Information supplied:
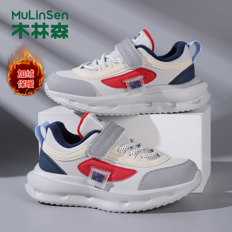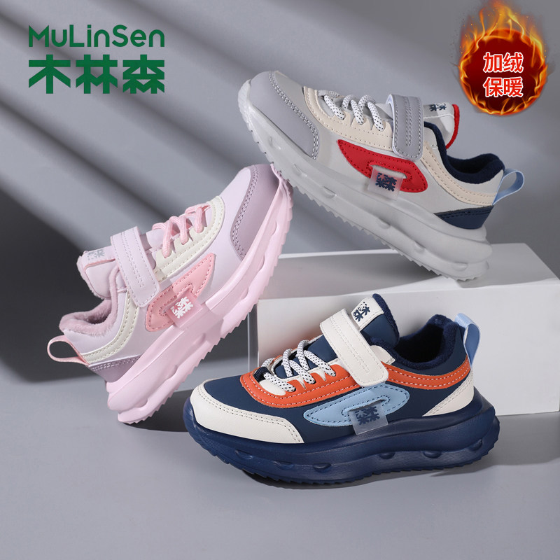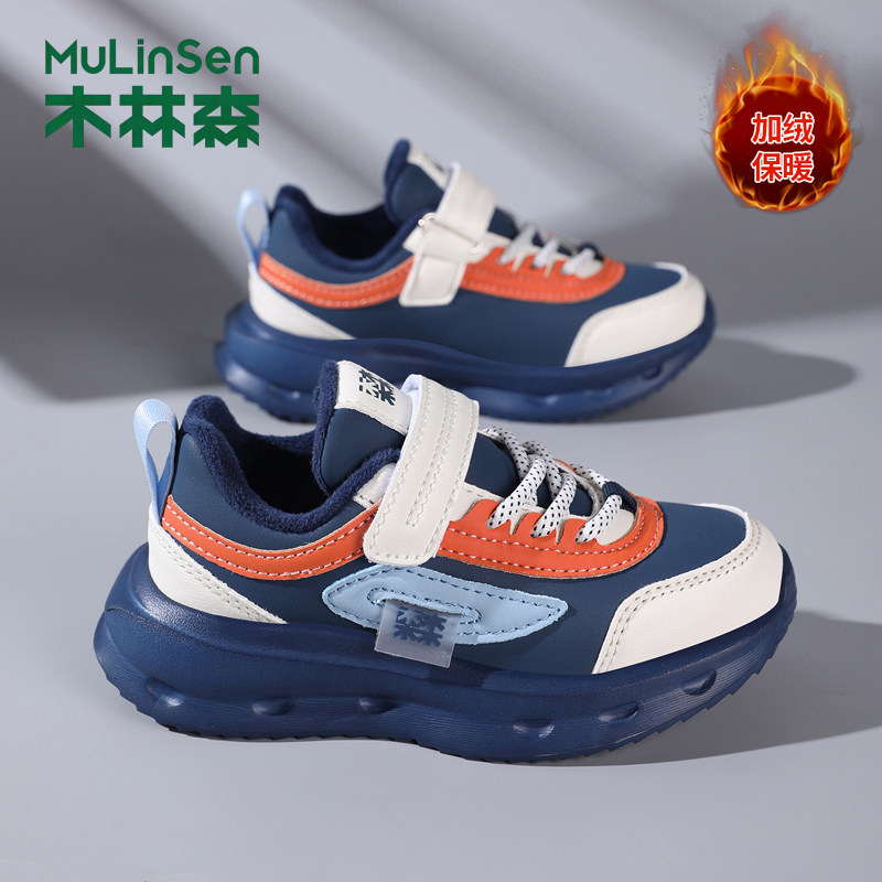 木林森童鞋2025冬季新款皮面加绒保暖儿童运动鞋中大童休闲跑步鞋
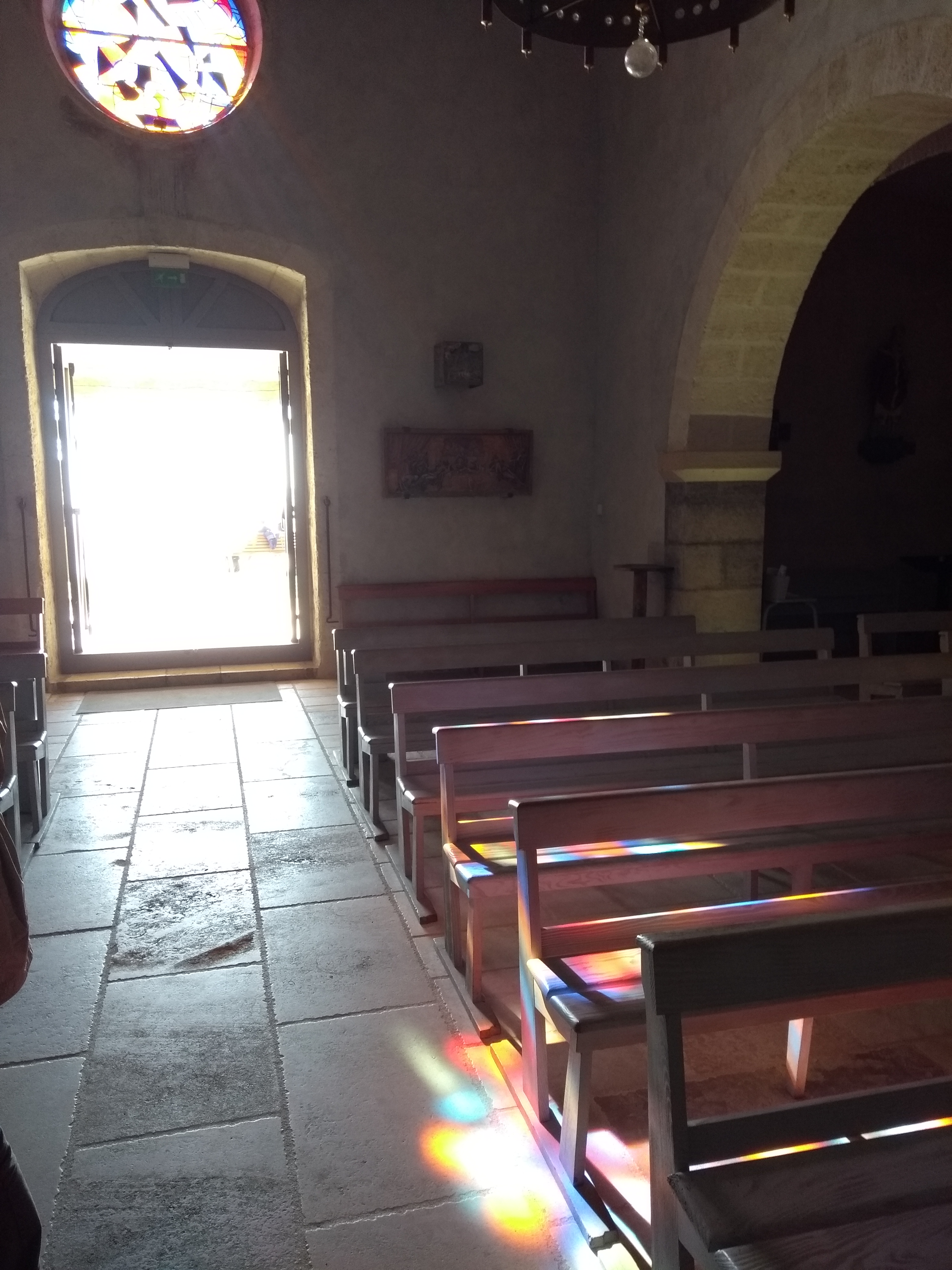 Belle Petite église , beaux vitraux et belles lumières avec le soleil .
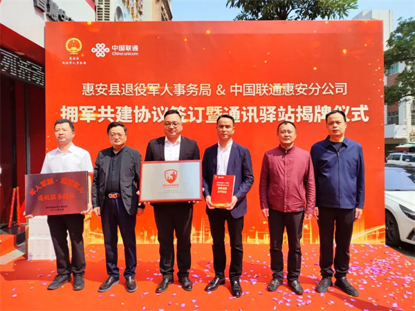 3月15日上午,惠安縣退役軍人事務局和中國聯通惠安分公司舉行擁軍優屬合作協議簽約活動,同時在聯通營業廳設立退役軍人通訊服務驛站,并授予聯通惠安分公司“崇軍聯盟”牌匾。這是惠安縣打造退役軍人系列特色服務驛站的又一個行業領域拓展。
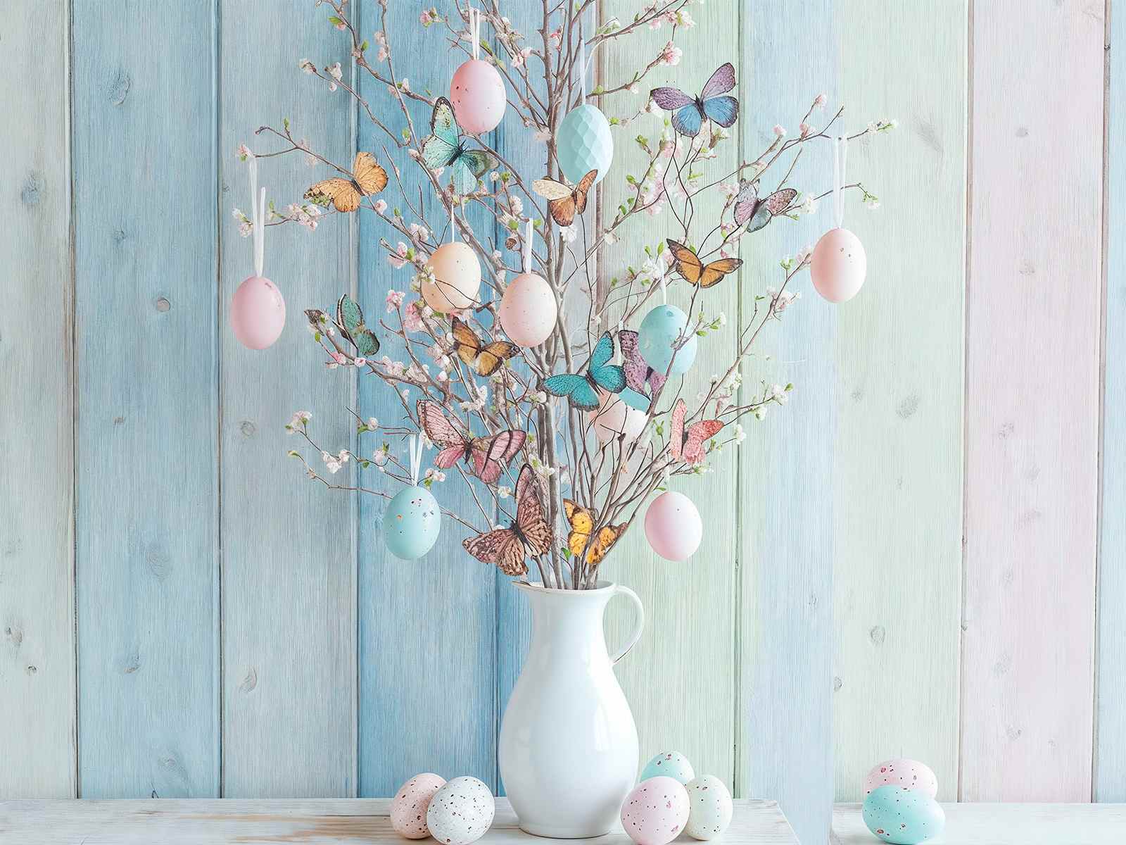 Rami primaverili artificiali modellabili con farfalle decorative applicate

Assignment: Leaving out the pictures, restate each line of the listing above verbatim, from the opening line to the line bearing "3月15日上午,惠安縣退役軍", inclusive, and no more.

Final answer:
 木林森童鞋2025冬季新款皮面加绒保暖儿童运动鞋中大童休闲跑步鞋
 Belle Petite église , beaux vitraux et belles lumières avec le soleil .
 3月15日上午,惠安縣退役軍人事務局和中國聯通惠安分公司舉行擁軍優屬合作協議簽約活動,同時在聯通營業廳設立退役軍人通訊服務驛站,并授予聯通惠安分公司“崇軍聯盟”牌匾。這是惠安縣打造退役軍人系列特色服務驛站的又一個行業領域拓展。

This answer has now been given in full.